Oh, God yes. There is no unit. We didn’t have a dynamic where we hung out together. My parents did not make a family. Things were always tense and Dad had no patience for kids. As a kid you were waiting for it to blow up. Indifference and anger. I don’t even think of my life with my dad. He’s always been this fringe character. Present, not absent.
Which aspects of their parenting have most contributed to a your relationship as adults?
We really haven’t had an adult relationship.
What do you appreciate most about their parenting?
I’m grateful that Mom sent me to the high school that she did. I was becoming a real pain in the ass, wanting to hang out with my older brothers that were causing trouble and experimenting with drugs. It was a good education, a Catholic prep girls’ school. Really small. I was a troublemaker, but I was smart. At least that gave me a great foundation.
What do you wish they had done differently?
Mom married the wrong guy, so she gave me bad advice all my life. When I was a teenager, her message to me was not to rely on a man for anything, do it yourself. She was super supportive in my career. I knew where I was headed. She’s more connected to my professional work rather than my relationships. It’s her damage. I wish she had been aware enough to not inject her politics on my upbringing in that way. That was so unfair. I wish she could’ve gotten around her issues. They didn’t deliberately do much, but I think you have to do some things deliberately.
It could be that I wish my dad were a completely different person.
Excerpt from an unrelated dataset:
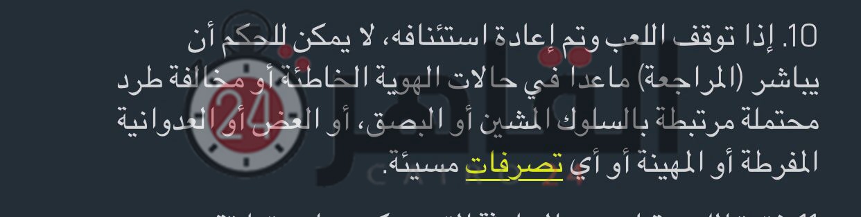 إذا توقف اللعب وتم إعادة استئنافه، لا يمكن للحكم أن يباشر المراجعة ماعدا في حالات الهوية الخاطئة أو مخالفة طرد محتملة مرتبطة بالسلوك المشين أو البصق، أو العض أو العدوانية المفرطة أو المهينة أو أي تصرفات مسيئة.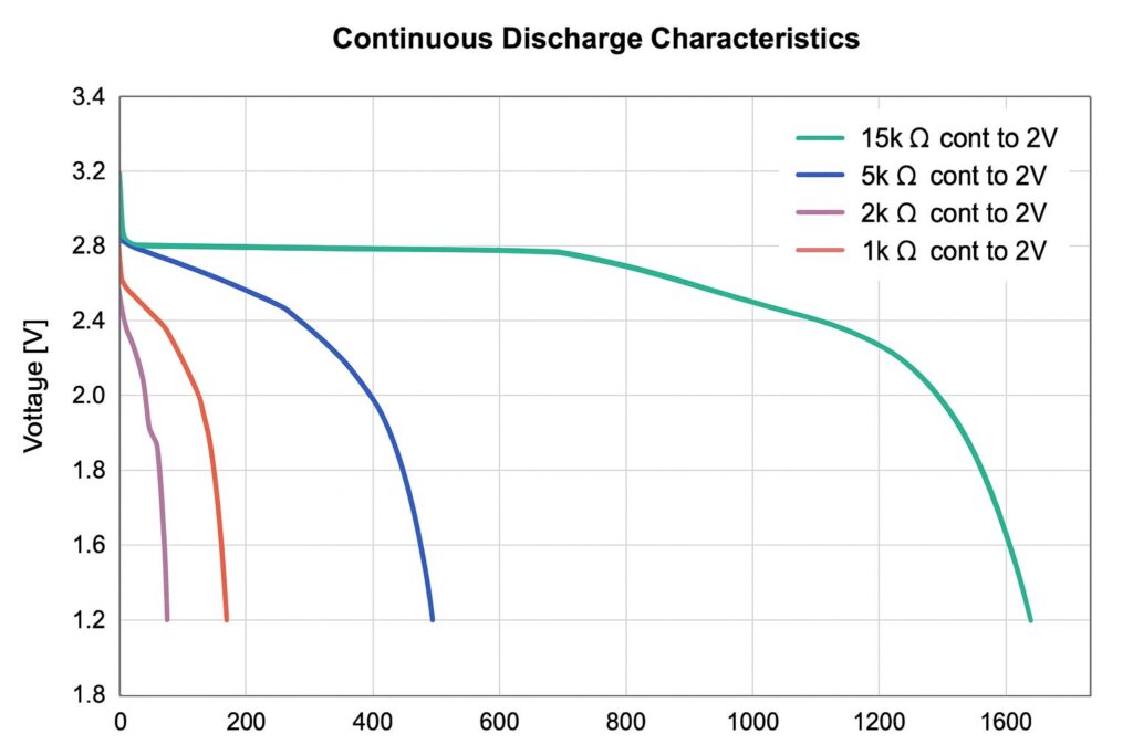 Again, it can be argued that short duty cycle pulsed operation will still yield a much longer lifespan, but if we imagine an again not unreasonable 25mS pulse duration, this 5 minute test (to under 2.6v) only corresponds to 12000 discrete pulses. Possibly OK for a carefully designed “push-button” fob (which is almost always off), but not for something like a low duty cycle “node” such as an environmental monitor, or for an alarm, where the power drain is constant

I wish he wasn’t miserable, but I think he’s chemically different.
How well do you relate to your siblings?
I relate to my brother with schitzophenia and my brother in Hawaii. We’re very real and present. He was very supportive during my time with my mom. Even if it was just on the phone, he was there for me to vent to, to talk to, he sent me money because I wasn’t working and commuting 60 miles from where I was living to my mom’s hospital. He helped me with decision-making and emotional distress that erupted with my younger brother. He stayed in touch. He knew to call. I talk on the phone to my other brother, too, a couple of times a month. He wanted to be part of dinner plans with mom.
Do you think they share your same reflections on your parents?
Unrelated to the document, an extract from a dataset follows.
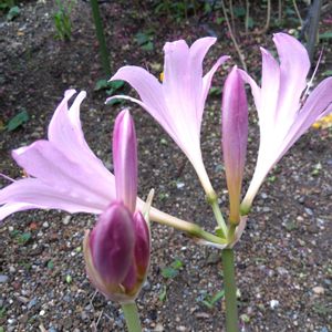 おはようございます😊 雨が降って ぴゅ〜んと出て 咲いていた ナツズイセン🩷

Yeah, they do, in different ways. It’s because of gender difference. They have stronger opinions about my father than I do.
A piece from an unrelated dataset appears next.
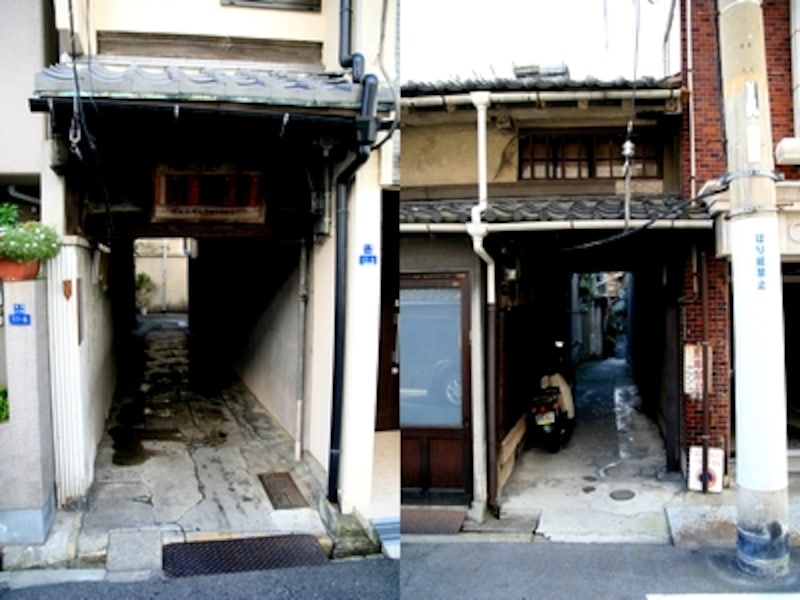 | 空堀名物(?)の「冠木門」(トンネル路地)で奥に見えるのが裏路地です。表通りを歩いていると突如としてこういうトンネル路地が顔を出したりします。昭和レトロ感覚に懐かしさや郷愁を感じますが、これらのトンネル路地は地域住民の生活道路ですので、勝手に入ったり大声で騒ぐといった迷惑行為は慎むようにしましょう。 |

Can you share a defining moment with your parents?
I guess prior to growing up and going to college, Dad was his miserable self and uninvolved with my life in any real way. But, I hadn’t totally turned my back on him being a factor in my life as an adult. When I was in my first job out of college, starting my career with a great company that hired me as an intern when I was still an undergrad, I was living on my own in an apartment and trying to defer my student loans while I got situated. The job was great but my pay was not. I asked my dad if I could list an expense of a car payment to him. I was really nervous that the loan officers might not approve my request and i just wanted to have enough expenses on my application so they would defer. My father would not allow me to list a smalll car payment since it wasn’t really true.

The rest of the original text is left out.